For the last few weeks I’ve been working on a book. I started it in my workshop with Larry Calkins and it’s what I focused on during my Orcas Island retreat. It’s a repository of marks. It’s a place to make without engaging my inner critic. It’s a place to play and experiment. I’ve been obsessed with it, working both at the studio and at home after everyone’s fed and the kitchen is cleaned up.
In the book I’ve experimented with a lot of different techniques but with a very limited palette: black, white, and brown. I used sumi and walnut inks, white acrylic paint, black and brown water-based printing ink, toner transfers, black and white thread, charcoal, graphite, and conte crayon. I painted, printed, drew, cut, tore, collaged, and stitched. I worked back and forth through the book, adding layers until each page felt complete.
Over the years, my studio-mates and I have critiqued each others’ work both formally and informally. It’s been pretty informal for the last 18 months or so because of transitions in all of our lives.

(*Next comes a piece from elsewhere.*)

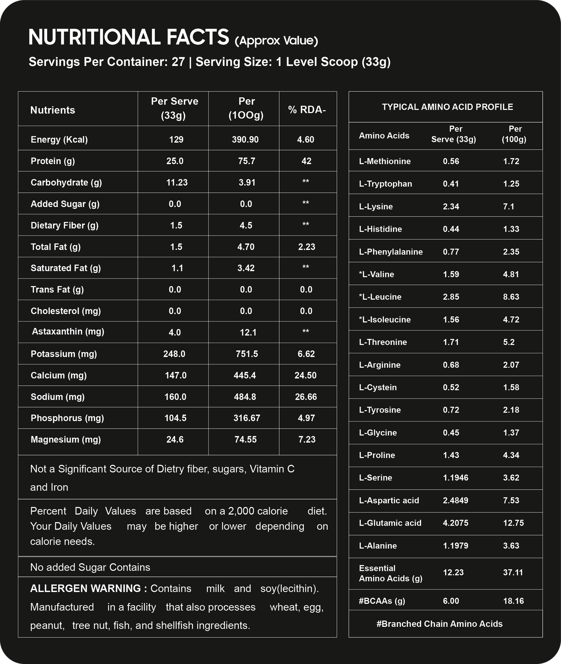 25g Protein | 6g BCAA | 4.3g Glutamic Acid | 4mg Astaxanthin
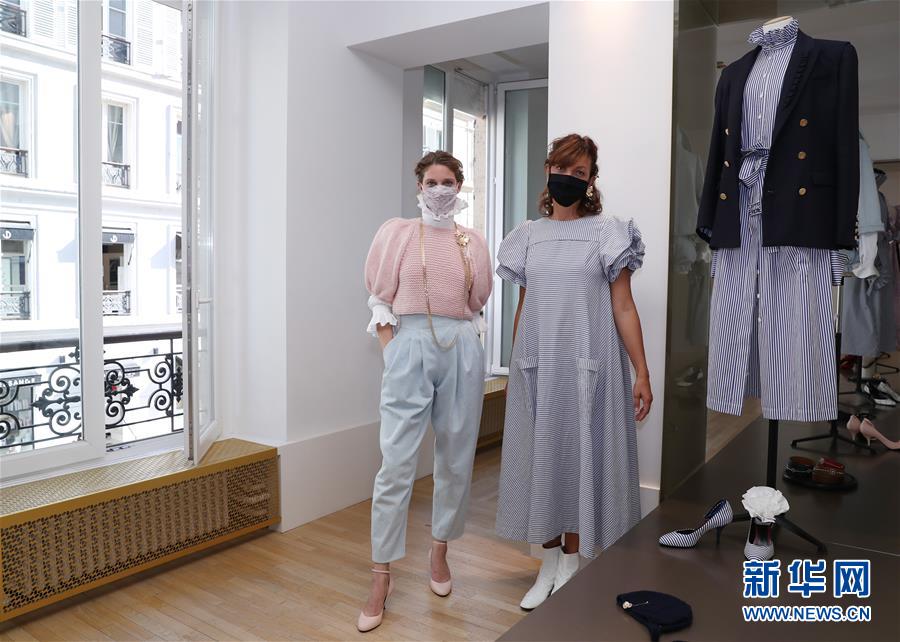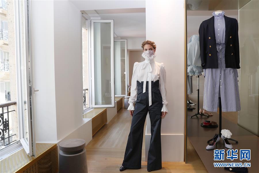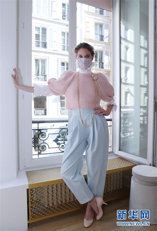 9月22日,法国设计师Prune Goldschmidt和模特在巴黎展示2021春夏新品。 在2021巴黎春夏时装周即将到来之际,9月22日,来自法国波尔多的年轻品牌Prune Goldschmidt在法国巴黎通过静态展示的方式推介其2021春夏新品。设计师Prune Goldschmidt在作品中融入了“口罩”元素。 新华社记者 高静 摄

But now that the Fall is upon us we are back to planning and scheduling our sessions. I went first today with my book.
I was excited to show it to them. The book feels big to me, like a dictionary of my personal language of imagery. But I was also nervous. Would they flip through idly? Say, “hmm, that’s nice.” It is, after all, not a finished piece or something I would show in a gallery, but a record of being in the moment. It is an attempt to reset my brain and my hand after a long slog through production before I jump back into the process of making.
I didn’t need to worry. Paul, Anna, and Pam pored over every page. They asked questions, oohed and aahed, got into my process. They really saw the book as the big step that I feel it is. They made suggestions of ways to build on what I’ve started. Ideas of developing some of my visual ideas into drawings or prints. Ideas that make me nervous because I don’t know how to do that yet. Ideas to push me out of my comfort zone. But isn’t that what I’ve been after?
So what have I learned about myself, my process, and my language of mark making? I’ve learned that, at least for now, stitch is integral to my work. By making the choices I did with my media, from stitching on paper to drawing lines of dots to transferring copies of my dyed fabrics, thread and stitch are what I’m drawn to over and over. Color, form, and texture are all important, but stitch is constant.
So where does this lead? What is next? How do I incorporate this into my existing work? I don’t know. I think I just have to start and it will seep in to the new work. It’s already there.